During a hearing last spring in the Wozniak case, Sanders elicited testimony showing there was a secret “special handling log” of informant movements kept by sheriff’s deputies, but not disclosed to either Wozniak or Dekraai.

Previous court testimony showed that deputies halted that log in January 2013 — just five days after Goethals forced the Dekraai prosecution team to provide Sanders with thousands of pages of informant notes, which caused the snitch scandal to explode in 2014.

In recent months, Sanders has subpoenaed any new logs that may have been created after the previous one was halted. [The logs not only chart informants being placed next to high-profile inmates, they also help deputies protect inmates.]
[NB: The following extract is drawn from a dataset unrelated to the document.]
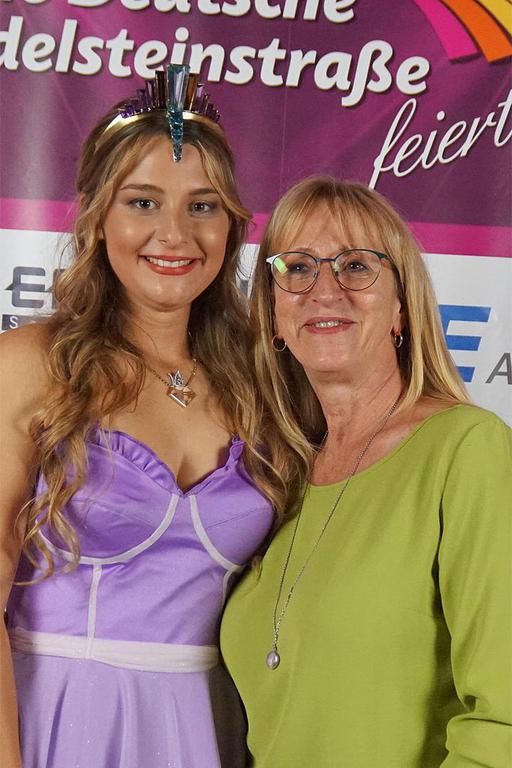 Bettina Reiter setzte ihrer Nachfolgerin das Diadem auf. Der Wegbereiter der Deutschen Edelsteinstraße, Wolfgang Hey, und Diadem - Designer und Materialgeber Erwin Pauly hatten leuchtende Augen in diesem großen Augenblick. Selbst Ellen Goedecke, erste Deutsche Edelsteinkönigin und überzeugte Anhängerin der Region, war tief beeindruckt und freute sich, ebenso wie „Kollegin“ Nadine May, ehemals Härter, (12. Deutsche Edelsteinkönigin) über die würdevolle Amtsübergabe. Die ebenfalls anwesende Königin Nummer 20, Sonja Mzyk, ist als Schriftführerin im Vorstand des Fördervereins tätig. Diese Tatsache hat sie sich nun mit Bettina Reiter gemein, die bereits zuvor als zweite Vorsitzende gewählt wurde und den umtriebigen Alfred Reicherts ersetzte.
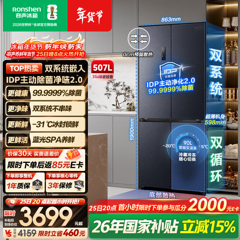 自营容声IDP净味507L十字门冰箱主动除菌双系统超薄零嵌入式一级能效风冷无霜BCD-507E50CZLAD国家补贴

But despite requests for an answer from Office of the County Counsel — which represents the sheriff’s department in both the Wozniak and Dekraai case — Sanders has been unable get an answer if there is such a new log.

On Thursday, Goethals roasted county counsel representatives over Sheriff Sandra Hutchens’ staff’s refusal to fully provide all informant notes and records that Sanders was subpoenaing as early as 2012.

County counsel’s response to Goethals was they were investigating.

Friday, Sanders pleaded with Conley to call a county counsel as a witness to say if there is such a log or not. Conley declined, calling the request out of order and irrelevant.

Sanders added it was clear the sheriff and county counsel were stalling, saying he would “predict” the existence of a new special handling log soon will appear.

At a press conference after the death penalty was rendered, Steve Herr commended Rackauckas’ prosecution team and Conley and lambasted Sanders for what he called baseless allegations of government misconduct.

Correction: A previous version of this article misspelled the name of Benjamin L. Kilgore.